### Action item
Exactly and only the lines from the first entry through the line with "Çamaşır Oyuncak Dü" should be copied, both ends included, with no pictures.

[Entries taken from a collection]
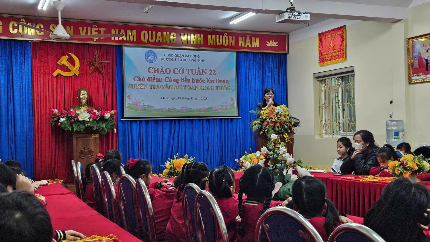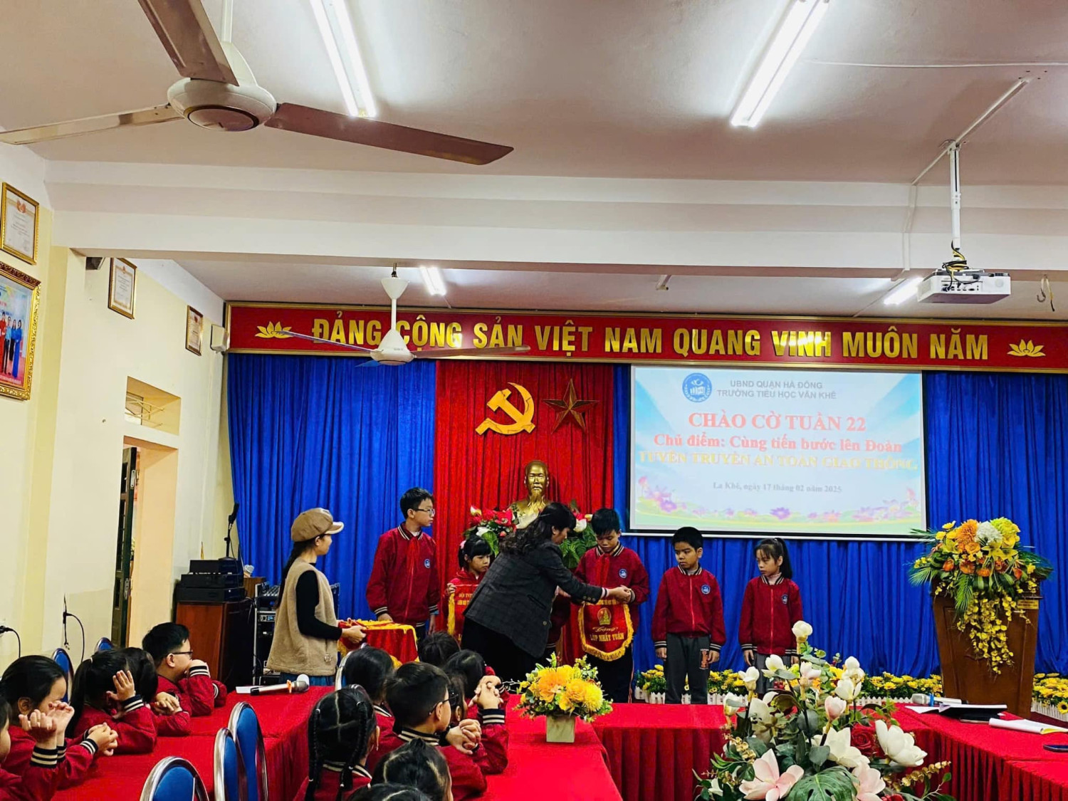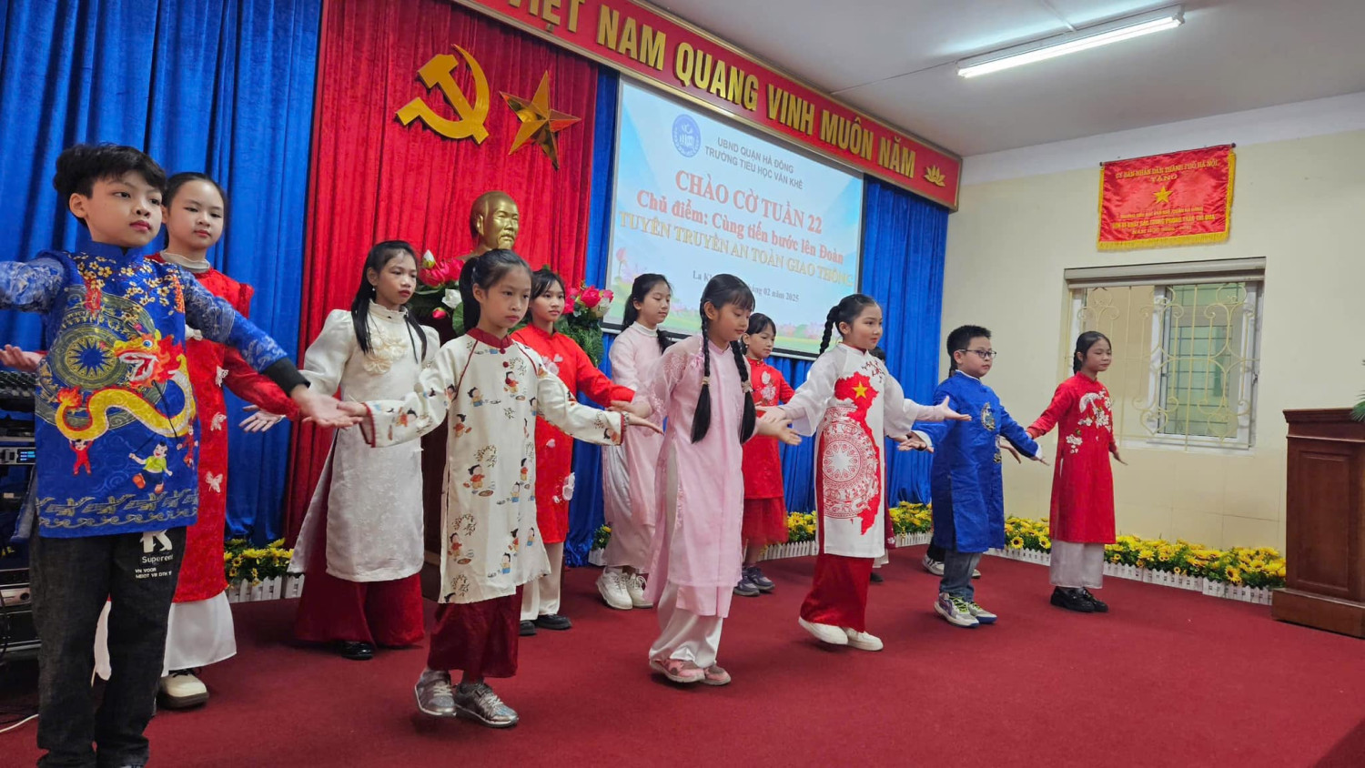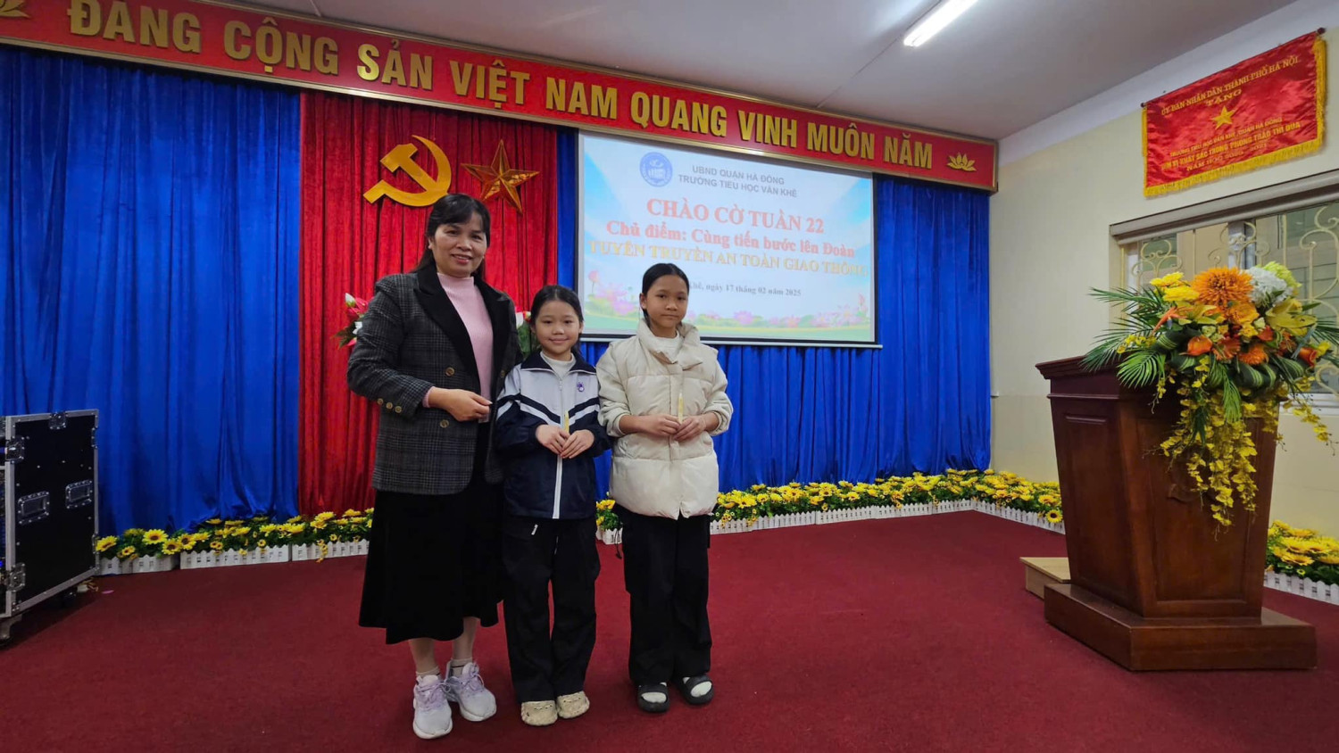 Lớp 1A7 tiêu biểu trong học tập. Và tiết mục văn nghệ tiêu biểu của lớp 4A3 giúp cho các em tự tin, rèn kỹ năng sân khấu. Hôm nay do trời lạnh, Tiết sinh hoạt dưới cờ được tổ chức tại phòng Hội đồng và phát trực tiếp cho học sinh toàn trường dự đã thu hút học sinh tích cực tham gia, từng bước đáp ứng yêu cầu, mục tiêu phát triển toàn diện phẩm chất và năng lực của chương trình GDPT 2018. Với mong muốn mang đến cho HS những kiến thức, kỹ năng thiết thực, các hoạt động của nhà trường được tổ chức ngắn gọn phù hợp với điều kiện CSVC, phù hợp với thời tiết luôn được nhà trường và Ban công tác Đội chú trọng! Dưới đây là một số hình ảnh được ghi nhận, xin kính mời quý vị vào xem ạ!
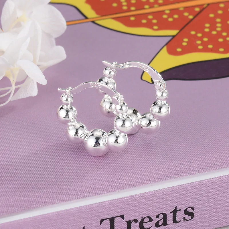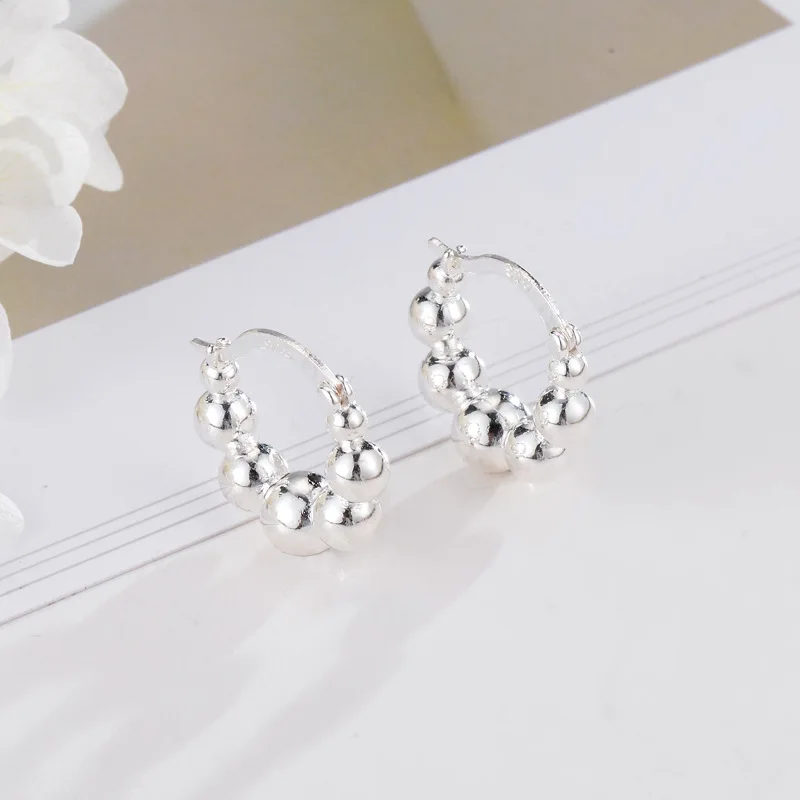 Victoria’s Vogue 925 Sterling Silver Hot Sale Korean Round Beads Earrings Simple Temperament Exquisite Hot Sexy Jewelry Gift For Women
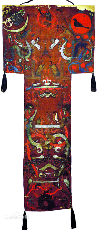 《长沙马王堆汉墓帛画》,又称《升天图》。绢本,设色。纵205厘米,上横92厘米,下横47.7厘米。1972年出土于湖南省长沙市东郊东屯渡乡(今芙蓉区马王堆街道),现藏湖南省博物馆。
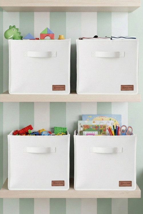 4`lü Beyaz Desteksiz Saklama Kutusu 28x28x28 Dekoratif Kulplu Organizer Dolap İçi Çamaşır Oyuncak Dü
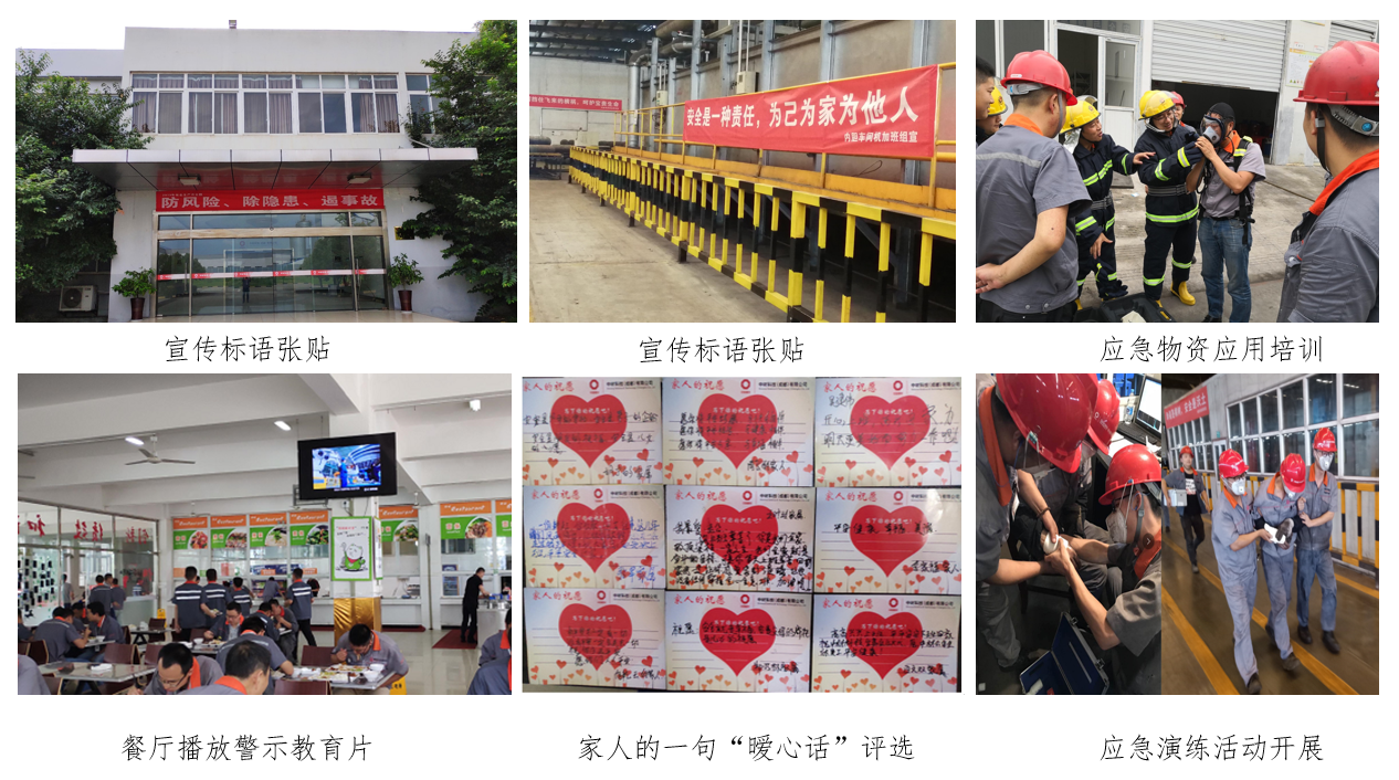 本次安全月活動內容豐富,除了在辦公樓、車間醒目位置張貼安全生產月主題橫幅、宣傳標語,組織安全培訓,通過視頻學習、受限空間應急處置、機械傷害應急處置、鍋爐房缺水應急處置等一系列應急演練、安全隱患互查、安全知識競賽等活動外,還特別突出了安全文化,將安全文化更好與企業文化、黨建文化結合。
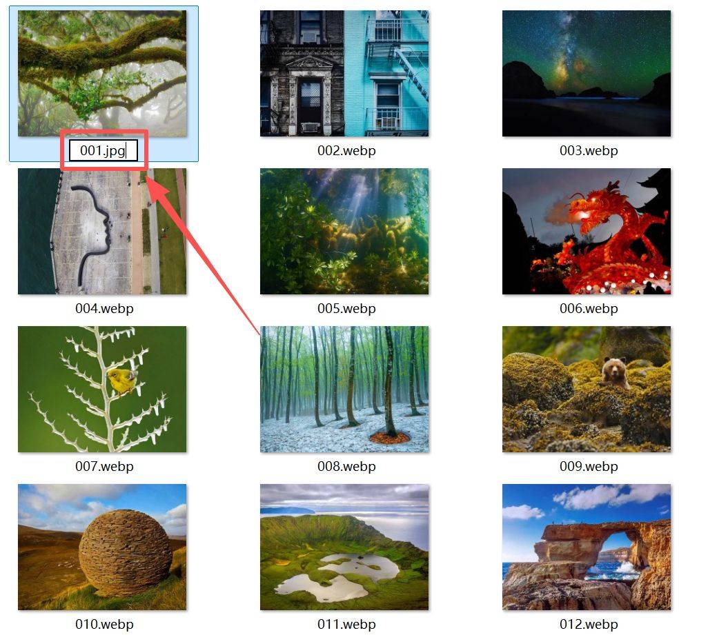 右键webp文件选择重命名,然后将文件的扩展名webp手动修改成jpg就可以了。

### Answer space
 Lớp 1A7 tiêu biểu trong học tập. Và tiết mục văn nghệ tiêu biểu của lớp 4A3 giúp cho các em tự tin, rèn kỹ năng sân khấu. Hôm nay do trời lạnh, Tiết sinh hoạt dưới cờ được tổ chức tại phòng Hội đồng và phát trực tiếp cho học sinh toàn trường dự đã thu hút học sinh tích cực tham gia, từng bước đáp ứng yêu cầu, mục tiêu phát triển toàn diện phẩm chất và năng lực của chương trình GDPT 2018. Với mong muốn mang đến cho HS những kiến thức, kỹ năng thiết thực, các hoạt động của nhà trường được tổ chức ngắn gọn phù hợp với điều kiện CSVC, phù hợp với thời tiết luôn được nhà trường và Ban công tác Đội chú trọng! Dưới đây là một số hình ảnh được ghi nhận, xin kính mời quý vị vào xem ạ!
 Victoria’s Vogue 925 Sterling Silver Hot Sale Korean Round Beads Earrings Simple Temperament Exquisite Hot Sexy Jewelry Gift For Women
 《长沙马王堆汉墓帛画》,又称《升天图》。绢本,设色。纵205厘米,上横92厘米,下横47.7厘米。1972年出土于湖南省长沙市东郊东屯渡乡(今芙蓉区马王堆街道),现藏湖南省博物馆。
 4`lü Beyaz Desteksiz Saklama Kutusu 28x28x28 Dekoratif Kulplu Organizer Dolap İçi Çamaşır Oyuncak Dü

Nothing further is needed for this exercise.